Walau pun pancasila sudah diterima sebagai konsensus bersama dalam kehidupan berbangsa, namun pada kenyataannya masih ada gerakan yang mencoba mempertentangkan kembali antara pancasila dengan ideologi lainnya. Ini dapat dilihat pada waktu pemilu 1955. Pada saat itu ada pertentangan terjadi antara kubu islam yang terakomodasi lewat partai-partai berlabel islam seperti Masyumi dengan kubu sekuler yang terwadahi dalam partai-partai seperti PNI, Partai Indonesia Raya. Pertentangan ini berjalan sangat alot sampai berakhirnya masa pemerintahan Orde Lama.
Belajar dari pengalaman Orde Lama yang banyak berkutat pada pertentangan ideologis, Soeharto sebagai penarik gerbong Orde Baru tak mau pengalaman politik ini terulang kembali. Maka segera ia pun memberlakukan deideiologisasi--pancasila dijadikan sebagai satu-satunya asas bagi kekuatan organisasi sosial-politik. Dengan kata lain, Soeharto menghendaki pancasila sebagai asas tunggal. Selain itu, sistem kepartaian yang gemuk mengalami penyederhanaan dengan hanya memperbolehkan tiga partai yaitu Golkar, PPP dan PDI.
Walaupun Soeharto sudah melakukan pemberlakukan asas tunggal (astung) terhadap partai politik ormas-ormas, da segala sektor kehidupann berbangsa dan bernegara, tetapi pada kenyataannya tidak meleburkan kekuatan islam politik, kekuatan nasionalis, dan kekuatan lainnya menjadi satu kata. Mereka yang tidak menerima pancasila sebagai dasar kehidupan berbangsa dan bernegara memilih menjelma dalam bentuk-bentuk yang pada waktu itu tidak terdeteksi oleh negara. Dalam pengajian-pengajian terbatas, gerakan mahasiswa islam radikal, atau pun dalam rapat-rapat politik mereka menyetakan bahwa islam harus menjadi dasar ideologi bangsa yang baru merdeka ini. Sehingga keadaan ini membuat stagnan politik bangsa Indonesia.
Melatakan Sakralisasi
Salah seorang intelektual muda yang prihatin dengan kondisi ini adalah Nurcholish Madjid. Baginya perdebatan bangsa ini soal ideologi yang akan digunakan sebagai dasar negara apakah islam ataukah pancasila adalah sesuatu yang berlarut.
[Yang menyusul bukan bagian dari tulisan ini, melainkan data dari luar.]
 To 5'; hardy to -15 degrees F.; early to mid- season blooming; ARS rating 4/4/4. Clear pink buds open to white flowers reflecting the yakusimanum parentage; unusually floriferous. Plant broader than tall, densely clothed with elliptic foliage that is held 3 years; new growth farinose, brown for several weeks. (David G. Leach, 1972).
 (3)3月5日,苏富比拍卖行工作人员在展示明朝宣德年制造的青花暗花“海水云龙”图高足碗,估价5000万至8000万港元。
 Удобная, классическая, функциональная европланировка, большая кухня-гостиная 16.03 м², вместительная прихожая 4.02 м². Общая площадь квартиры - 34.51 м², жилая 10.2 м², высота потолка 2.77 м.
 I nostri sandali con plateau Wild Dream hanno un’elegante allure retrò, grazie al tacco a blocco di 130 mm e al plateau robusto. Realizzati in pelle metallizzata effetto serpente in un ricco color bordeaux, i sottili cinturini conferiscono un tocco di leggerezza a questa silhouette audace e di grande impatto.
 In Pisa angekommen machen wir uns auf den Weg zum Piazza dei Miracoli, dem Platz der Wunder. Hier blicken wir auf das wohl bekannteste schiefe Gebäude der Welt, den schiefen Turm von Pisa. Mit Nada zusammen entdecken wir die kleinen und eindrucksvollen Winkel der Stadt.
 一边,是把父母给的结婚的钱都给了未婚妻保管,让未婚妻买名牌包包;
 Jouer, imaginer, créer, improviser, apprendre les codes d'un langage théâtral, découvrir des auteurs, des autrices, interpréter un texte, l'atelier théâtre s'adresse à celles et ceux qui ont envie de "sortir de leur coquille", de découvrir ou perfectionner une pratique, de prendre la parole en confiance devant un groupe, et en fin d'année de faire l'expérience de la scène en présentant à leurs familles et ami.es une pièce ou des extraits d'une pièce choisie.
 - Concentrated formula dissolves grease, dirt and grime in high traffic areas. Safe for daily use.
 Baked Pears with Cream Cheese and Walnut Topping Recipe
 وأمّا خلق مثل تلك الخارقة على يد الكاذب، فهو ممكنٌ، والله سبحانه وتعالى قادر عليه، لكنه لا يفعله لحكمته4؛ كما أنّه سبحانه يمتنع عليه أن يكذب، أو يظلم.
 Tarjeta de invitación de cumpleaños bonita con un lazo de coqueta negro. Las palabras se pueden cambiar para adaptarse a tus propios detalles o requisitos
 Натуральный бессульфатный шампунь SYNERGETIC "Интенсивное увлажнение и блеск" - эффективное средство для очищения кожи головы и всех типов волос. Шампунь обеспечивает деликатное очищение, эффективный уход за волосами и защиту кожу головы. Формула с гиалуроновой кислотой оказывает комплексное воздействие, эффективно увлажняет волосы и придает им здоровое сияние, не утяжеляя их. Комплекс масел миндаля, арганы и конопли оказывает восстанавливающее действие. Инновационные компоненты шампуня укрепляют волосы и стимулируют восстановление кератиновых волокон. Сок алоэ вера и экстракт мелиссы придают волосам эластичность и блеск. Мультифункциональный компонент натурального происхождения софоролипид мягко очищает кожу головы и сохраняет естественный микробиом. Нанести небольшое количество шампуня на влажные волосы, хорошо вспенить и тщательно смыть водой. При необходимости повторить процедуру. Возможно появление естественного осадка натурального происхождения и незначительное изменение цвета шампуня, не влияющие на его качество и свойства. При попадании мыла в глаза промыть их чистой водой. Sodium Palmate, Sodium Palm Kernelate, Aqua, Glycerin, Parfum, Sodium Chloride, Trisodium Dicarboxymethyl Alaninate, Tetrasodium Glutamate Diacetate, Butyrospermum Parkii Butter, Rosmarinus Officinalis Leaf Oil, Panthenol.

Perdebatan tentang itu seharusnya sudah tuntas ketika para founding fathers menyusun agenda kebangsaan.
Untuk memecahkan stagnansi politik kebangsaan, pada waktu itu Nurcholish Madhid—seorang tokoh yang diidentikan dengan Natsir—pada tahun 1970-an menawarkan konsep perlunya sekularisme politik dengan rumusan, Islam Yes, Partai Islam No. Cak Nur—demikian penarik gerbong ini dipanggil, menghendaki umat Islam sebagai kelompok mayoritas di Indonesia mampu membedakan mana yang saral dan mana pula yang profan. Dengan kata lain, Nurcholish Madjid menghendaki masyarakat Indonesia mampu melihat yang duniawi sebagai sesuatu yang profan dan mengukhrowikan yang memang bernilai suci seperti agama.
Akan tetapi, seruannya itu banyak ditolak oleh orang islam sendiri yang menyamakan sekularisme politik dengan sekularisme total. Kemudian di tahun 1980-an KH Abdurrahman Wahid (Gus Dur) juga mengemukakan perlunya sekularisme politik sebagai gerakan kultural. Tetapi, rupanya gagasannya itu tidak mendapat tanggapan secara luas. Mungkin karena dia sendiri tidak konsisten dengan gerakan kulturalnya dan bermain juga di tingkat struktur, atau karena seruannya sudah menjadi bagian dari ideologi NU sejak dia menjadi Ketua Umum PBNU-setidaknya begitulah klaim Gus Dur. Kemudian tahun 1995 keluar gagasan "high politics" dari Amien Rais, dengan maksud bahwa keterlibatan politik suatu agama (Islam) itu tidak sepatutnya pada politik praktis sehari-hari.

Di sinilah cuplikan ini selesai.